#### [Instructions to follow]
All the lines below need retyping exactly, apart from the images.

#### [Input data]

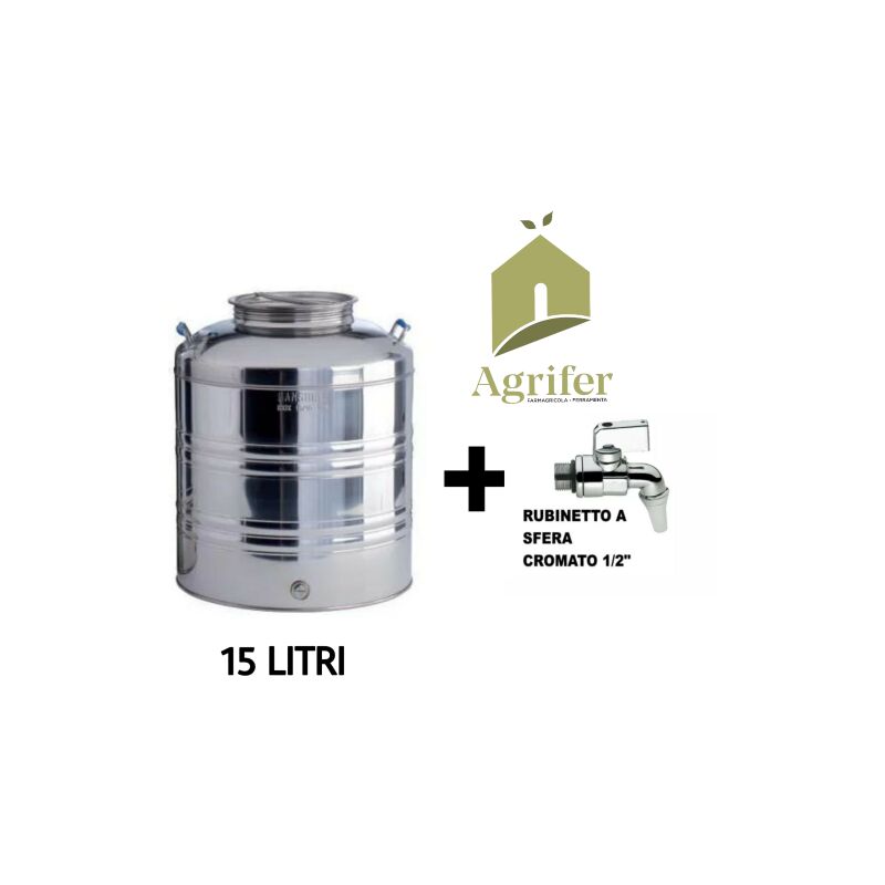 Fusto Olio Sansone Aggraffato Con Predisposizione 15 Lt Acciaio Inox + Rubinetto Cromato 15 Litri
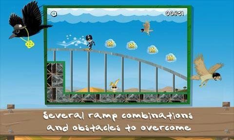 鲍勃的梦境 Bob Burnquist‘s Dreamland游戏的场景非常的丰富多彩,因为是在梦境之中,家需要用长按和点触等操作控制鲍勃跳起或者下降来躲避路途中的障碍物,一个超酷的跑酷游戏
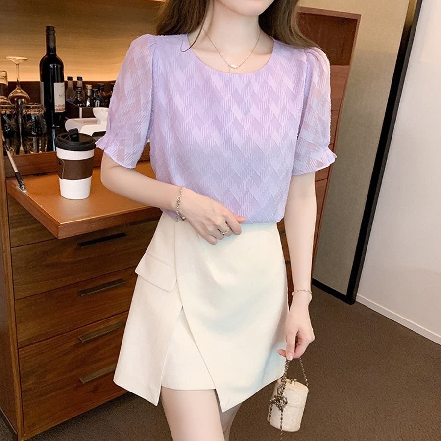袖部分はシアー素材で仕立てられており、軽やかで女性らしい印象を与えてくれます。
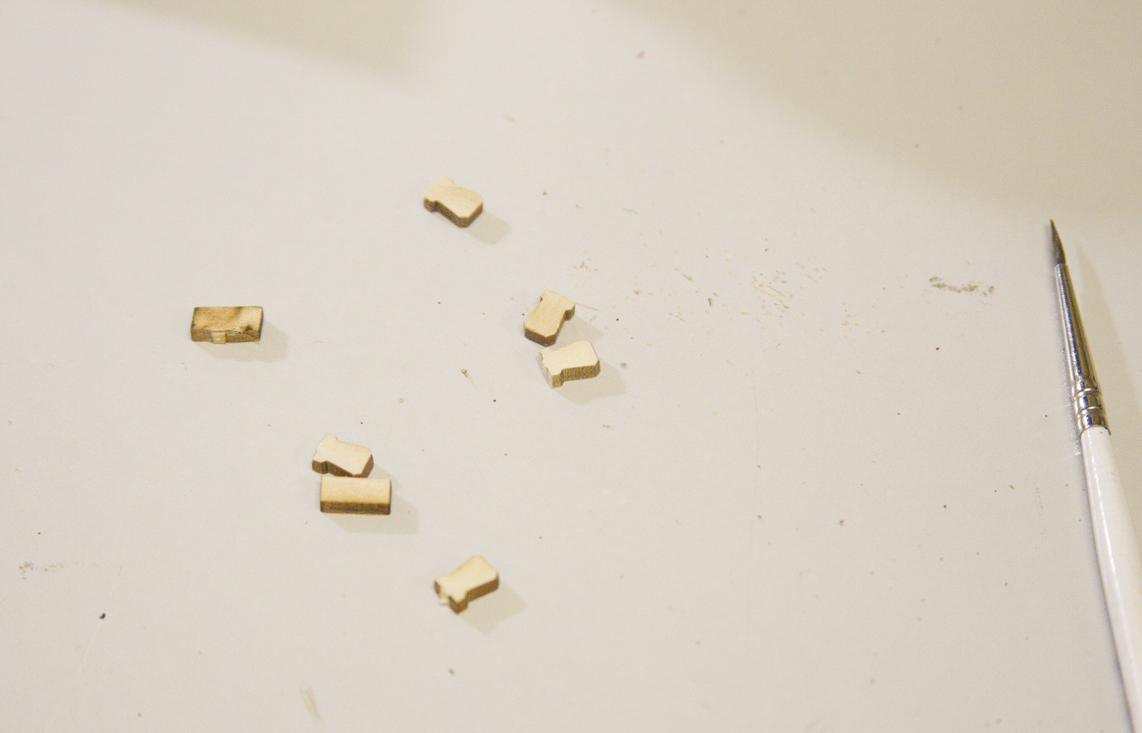 The fore and main masts are 13mm dowels, with the mizzen slightly smaller. Each mast is fitted with a set of either four or six cleats. I had a handful of cleats left over from another project, so it gave me a chance to use my snazzy new airbrush. Worked pretty well, except they all needed to be taped down – after my first attempt at ‘airbrushing’ blew them all off the counter and had me on my hands and knees picking cleats up off the floor. The color was a combination of Vallejo Airbrush colors light brown and yellow ochre.

#### [Solution for this task]
 Fusto Olio Sansone Aggraffato Con Predisposizione 15 Lt Acciaio Inox + Rubinetto Cromato 15 Litri
 鲍勃的梦境 Bob Burnquist‘s Dreamland游戏的场景非常的丰富多彩,因为是在梦境之中,家需要用长按和点触等操作控制鲍勃跳起或者下降来躲避路途中的障碍物,一个超酷的跑酷游戏
袖部分はシアー素材で仕立てられており、軽やかで女性らしい印象を与えてくれます。
 The fore and main masts are 13mm dowels, with the mizzen slightly smaller. Each mast is fitted with a set of either four or six cleats. I had a handful of cleats left over from another project, so it gave me a chance to use my snazzy new airbrush. Worked pretty well, except they all needed to be taped down – after my first attempt at ‘airbrushing’ blew them all off the counter and had me on my hands and knees picking cleats up off the floor. The color was a combination of Vallejo Airbrush colors light brown and yellow ochre.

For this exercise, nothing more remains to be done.